Since this area is so famous, there are logically many tourists, so you won’t find very many Irish. These are located in the more distant pubs, e. g. in the south of Dublin. So you should definitely have been to both areas. Regarding the prices, it can be said that these are also above the German average. In the evening you can easily pay 7 euros for a Guinness. But because of the atmosphere you are happy to accept this. But apart from that, there are a few other shops that are good to stay in.

For everyone who likes to watch sports, there are two large sports bars, which show a lot of different sports and even the Bundesliga. On the one hand this is the Living Room in the north of Dublin on a side street to O’Connel St and on the other hand this is the River Bar directly at the O’Connel Bridge on the River Liffey. Most of the Hoschschule’s parties take place in the Hole at the Moon, which I recommend to everyone. The prices there are usually 2. 50 euros per drink, so a good change from the expensive pubs. The last stop I want to mention is Dicey’s Garden. A bar for students and young workers that is also very low in price. The refreshments there cost from 2 to 3. 50 euros, there are several areas with televisions or dance floors. So there should be something for everyone.
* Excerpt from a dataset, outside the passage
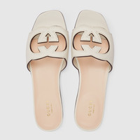 Influenced by an archival design from the '70s-a hallmark era of the House, the Interlocking G appears as a maxi cut-out detail atop this white leather sandal. An ode to timeless elegance, the Gucci Love Parade collection explores archival symbols in new ways. - White leather - Women's - Interlocking G cut-out - Leather sole - Flat - .4" heel height - Made in Italy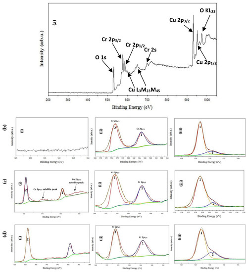 - Biesinger, M.C.; Brown, C.; Mycroft, J.R.; Davidson, R.D.; McIntyre, N.S. X-ray photoelectron spectroscopy studies of chromium compounds. Surf. Interface Anal. 2004, 36, 1550–1563. [Google Scholar] [CrossRef]

For all those who are crazy about shopping, O’Connel St is particularly recommended. There and in the several side streets there are all kinds of shops that one could wish for. There are also several shopping centers and markets in this area. A theater at the end of the street and several cinemas are also represented. So you won’t get bored anytime soon.

So that’s how I spent my time in Dublin. In addition to the interesting studies, it was above all the city and its people that made my stay an unforgettable event. There is so much to discover and do that I’m sure I haven’t done it all. So just go into town and go on a discovery tour. I don’t think anyone will regret it.

Since Ireland does not only consist of Dublin, you should also take a look at the rest of the country, provided that your studies and budget allow. I was touring Ireland with two other fellow students in my last week. We rented a car at the airport and drove off from there to get to know the beautiful landscape of the green island. We visited Glendalough Lake, where several famous films were shot. We’ve been to Kilkenney, Cork, and Galway. The absolute highlight was the visit to the Cliffs of Moher. A lasting impression of these overwhelming cliffs is certain in any case. I don’t want to reveal too much here either, go ahead and see it for yourself, it’s definitely worth it.

In general about locomotion, it can be said that left-hand traffic is no longer a problem after a while. Once you have understood that nobody is sitting to your right and that you have to drive into a roundabout on the left, then the rest is no longer a problem. The only challenge, however, are the “country roads”. On these roads there is also oncoming traffic, although the width does not suggest this. So it can happen that you have to drive very far to the side of the road to let an oncoming car pass. Furthermore, these roads lead everywhere, through fields, past lakes and through the mountains. When things don’t go up and down, there is one sharp bend after the other. Funnily enough, the speed limit is 100 km / h. Believe me when I tell you that you are already well on these roads at 80. It will definitely not be boring. I’ve never turned left before and still mastered it, so don’t be discouraged and just give it a try. For car rental, I recommend the ADAC website. There you get a very good offer at very fair prices, even for non-members. Last but not least, if you have the opportunity, take an automatic car and a GPS. That makes a lot of things easier. For those who do not dare to have this fun, there are a lot of providers who offer one or two day trips to the most beautiful places in Ireland. Travel by coach costs between 40 and 50 euros.